— Так что посоветуешь, Александр Иванович? — Елизавета повторила свой вопрос, так как задумавшийся Шувалов затягивал с ответом.
— Думаю я, матушка, что лучшим будет его подержать вдали от двора, но не в ущерб титулу и чинам, также и делам его, — задумчиво ответил глава Тайной канцелярии.
— Алексашка! Ты не тяни, сказывай, что предлагаешь! — сказала Елизавета, проявляя нетерпение.
— Бают люди, что Василий Яковлевич Левашов, градоначальник московский, зело худо себя чувствует. Медикусы сказывают, что сердцем слабый [в реальной истории главнокомандующий московскими войсками В. Л. Левашов, выполнявший и административные функции, умер весной 1751 года].
— Ну? Чего замолчал? — уже начиная гневаться спросила государыня.
— Отчего, матушка, не поставить цесаревича во главе Москвы? — выдал наконец свою мысль Шувалов.
Теперь уже не спешила отвечать Елизавета. Да она и не обязана была это делать. На первый взгляд, государыню устраивало такое решение вопроса. Но что делать с московским дворянством, которое способно и воду помутить, а тут рядом наследник престола? Между тем императрица понимала, что ее больше обуревают эмоции, чем разум. Нельзя же бояться всего и всех.
— Так и поступлю. Отправь, Александр Иванович, кого посмышленее, чтобы привез Петрушу, да только объяснил племяннику все, а то Петр Федорович может и наговорить чего лишнего и мне, и еще кому… Петра Румянцева и отправь, они приятельствуют. Петр Александрович пусть и за девицами волочится, но муж разумный. Вот он и подговорит цесаревича правильно поступить, — повелела государыня и улыбнулась: решение проблемы ей показалось удачным.
Царское село.
13 декабря 1750 года.
— Степан Иванович, искренне рад Вас видеть, — сказал я, приветствуя Шешковского.
Я действительно был рад его видеть, тем более, когда мой человек, не побоюсь этого слова, соратник, входил во дворец в Царском Селе не с заднего входа через подкупленных людей Разумовского, а с парадного, на всеобщем обозрении. Подобного допустить не могли не только сами казаки Разумовского, но и другие заинтересованные люди и службы. Уверен, что соглядатаи Тайной канцелярии, может, не на постоянной основе, но некоторыми набегами в месте моего заточения появлялись. Они точно были, даже и по сусалам разок получали.

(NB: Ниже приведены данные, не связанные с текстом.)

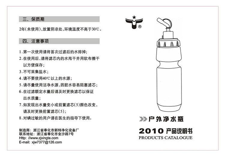 Precauções:1.Por favor, cuspa o primeiro gole de água. 2.Filtre a água e evite coletar água salgada e água poluída quimicamente. 3.Não coloque no forno de micro-ondas. 4.Use água limpa tanto quanto possível, pois a água suja pode facilmente entupir o filtro e reduzir sua vida útil.
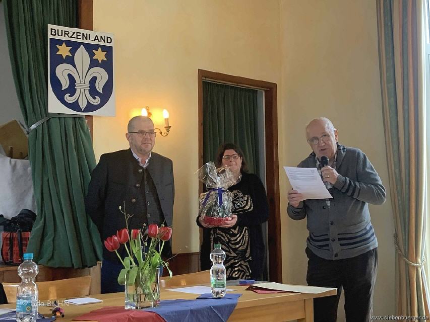 Bei den Wahlen wurde Manfred Binder (Petersberg) als Sprecher der Burzenländer Regionalgruppe bestätigt, genauso Doris Martini (Wolkendorf) als stellvertretende Regionalgruppensprecherin und Klaus Foof (Nußbach) als Kassenwart. Neu gewählt wurde Angelika Schnabel (Neustadt) als Schriftführerin – sie bekleidet dieses Amt kommissarisch seit einem Jahr.

Если Степан Иванович приехал вот так, открыто, значит, случились какие-то подвижки и изменения в моей судьбе. Это было бы очень даже вовремя, так как я уже начинал разрабатывать планы, как мне отсюда выйти. Рискованные планы, нужно сказать, которые при некотором видоизменении можно было переориентировать на другие судьбоносные и для меня, и для Российской империи направления.
— Ваше Высочество, государь-цесаревич! — в этот раз я не хотел одергивать Шешковского и указывать ему на то, что позволил обращаться по имени отчеству.
Я тоже человек, и ничто мне не чуждо, как и некоторая порция если не лести, то чинопочитания, даже от того, кто является моим главным, если убрать за скобки Ломоносова, тайнохранителем.
— Разъясните, Степан Иванович, что это за спектакля с гордым вашим вхождением через парадную дверь! — усмехнулся я, припомнив, как горделиво, с поднятым до облаков подбородком, Шешковский проходил пост охраны во дворце.
— Все меняется, государь-цесаревич, при дворе все судачат о том, что женское сердце Елизаветы Петровны оттаяло и она ищет способ, как бы половчее обставить Ваше возвращение, — Степан Иванович излучал неподдельную радость.
— Это девицы при дворе могут слухи разносить. Каковы истинные причины смены опалы на милость? — спросил я, нисколько не доверяя слухам. Особенно мне все меньше верилось в то, что на вершине власти сильно правят эмоции. Там еще тот цинизм и прагматизм, успел убедиться.
— Конечно, Петр Федорович, досужие сплетни часто около истины, но редко ею являются. Сейчас, да уже и чуть ранее, понятно, почему именно с Вами так поступили. Государыня, как и ее приближенные, стремились укрепить свое положение, приписав успехи в политике себе, — настроение Шешковского сменилось на угрюмое.
— А я так понимаю, что Ваше мнение иное? Считаете, что это я — кузнец русских побед? — я встал со стула и подошел к сидящему Шешковскому, положил ему руку на плечо. — Степан Иванович, это победы России, а вот кем я буду в империи, это действительно для меня важно, да и для Вас… Впрочем, проясните для меня те изменения, что происходят в Петербурге, может, что-то новое для себя и пойму.